Alguien a quien algo le interesa tantísimo (interés en su sentido más puro: deseo de un deleite personal, inocente, algo con lo que “no va a ganar dinero”, sino que más bien lo hace olvidarse de él; un “interés desinteresado”) que no para en barras de pagar lo que le pidan por ello, pues puede ser quien más merece presenciarlo.
Acaso convenga aclarar que jamás en toda la vida una ha revendido nada, ni comprado nada revendido (también por la escasa inclinación a los espectáculos).

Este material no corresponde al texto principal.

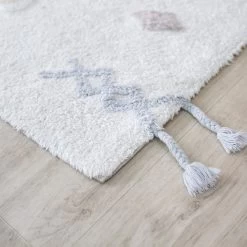 We absolutely love the fun colours and prints of the Pyjama party rugs – available in 2 colour-ways. Clever details like the little tassels really make this rug unique. Perfect for any nursery, bedroom or playroom.
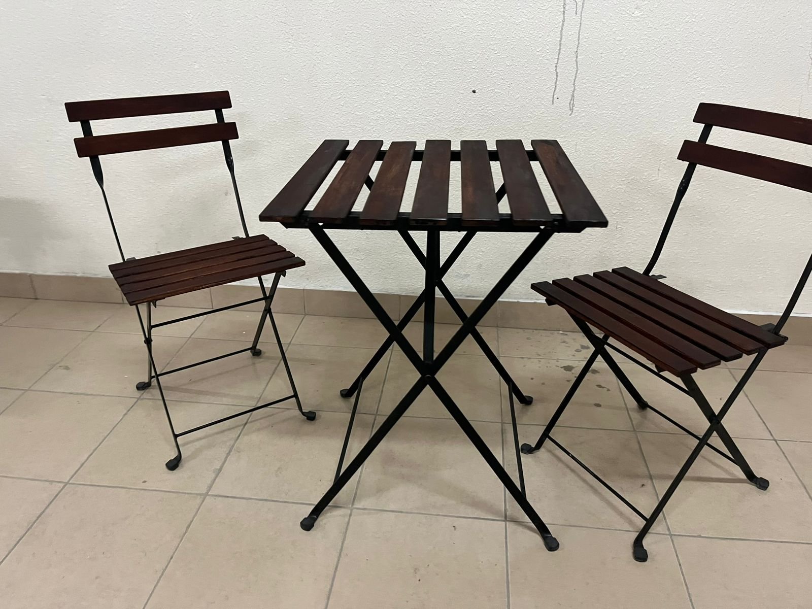TÄRNÖ Table+2 chairs, outdoor, black/light brown stained

Y que las procesiones prefiere verlas en su fecha y por las calles habituales, y de pie.
Pero no entiende la ferocidad desplegada en la organización de esta Magna justo para evitar que la presencien las personas que tendrían más deseo de ello.
(“Exigiremos el DNI para que corresponda con el del comprador de la entrada”, dicen, como quien enuncia los Diez Mandamientos. ¿Y por qué? ¿Y si el comprador se pone malo, o decide irse de viaje, o le deja de apetecer, y en ese momento quiere regalársela o incluso vendérsela a otra persona con más interés en ello? Se nos escapa qué tiene eso de intrínsecamente malo).

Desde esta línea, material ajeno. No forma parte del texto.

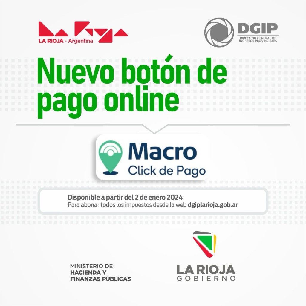 La Dirección General de Ingresos Provinciales informa que añadió una nueva opción de pago en línea mediante la web dgiplarioja.gob.ar, la misma es a través de Macro Click y estará disponible a partir del martes 2 de enero.
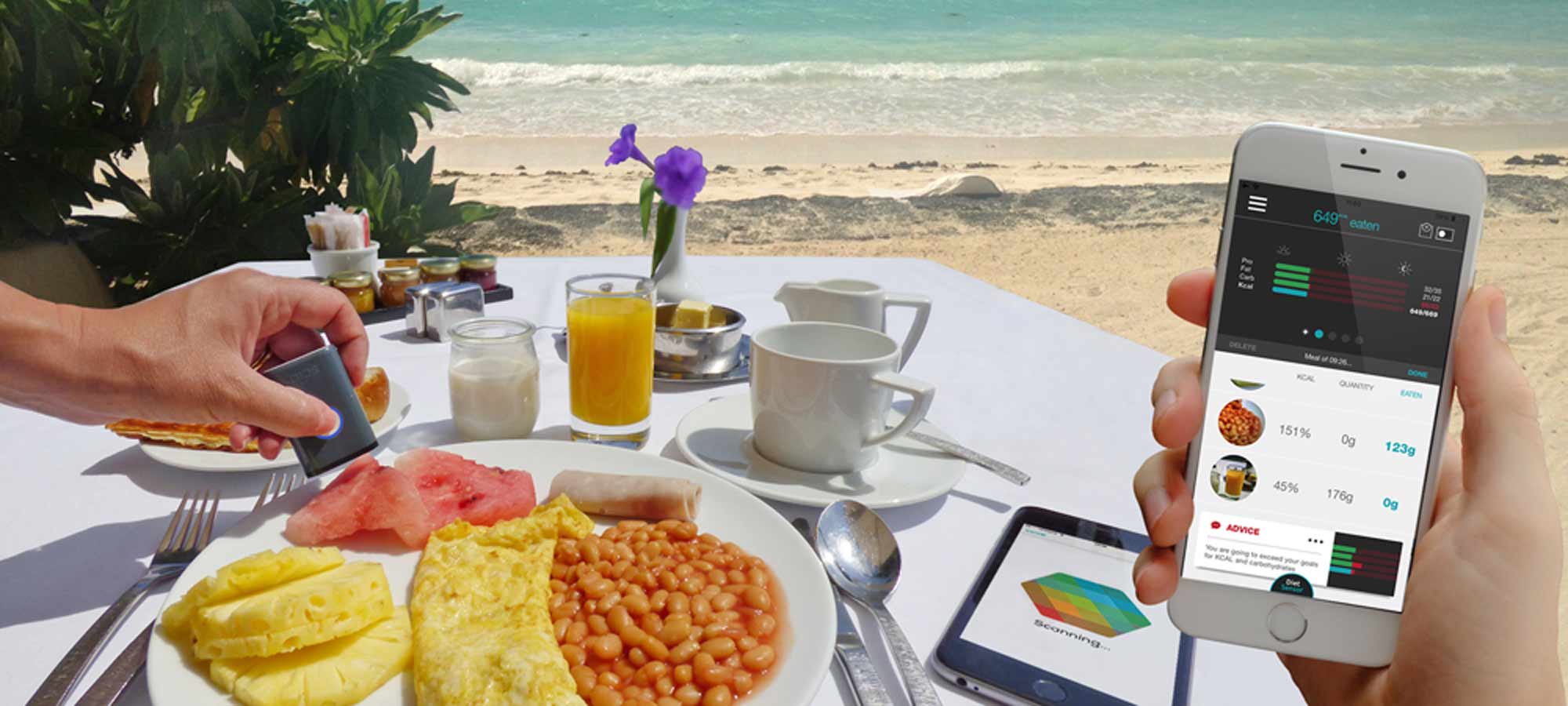Skenerju hrane SCiO je ”priložena” aplicación movil, ki pa ne razkrije le vsebnosti maščob, kalorij in drugih elementov v hrani, ampak je tudi prehranski strokovnjak, ki svetuje, koliko tovrstne hrane lahko človek zaužije v določenem obdobju. Kot rečeno, bodo rešitev posebej pozdravili tisti, ki morajo paziti na vnos na primer ogljikovih hidratov. Čeprav skener bere samo posamezna živila (sir, kruh …) in ni sposoben določiti sestavin celotnega sendviča, aplikacija omogoča ročen vnos, ko gre za bolj kompleksne obroke. SCiO skener je naprodaj za 230euros, medtem ko je aplikacija brezplačna, a je treba odšteti 9 evrov za mesečno naročnino.

Como en el caso del Miserere, se va a lograr el despropósito total: prohibir la entrada al público que obtendría más deleite sincero, placer puro, genuino (como el novio que en la cabina telefónica se olvidaba del dinero), y favorecer a los dueños de otro tipo de tentáculos, muchísimo más difíciles y retorcidos de poseer que el contar con unos euros en el bolsillo.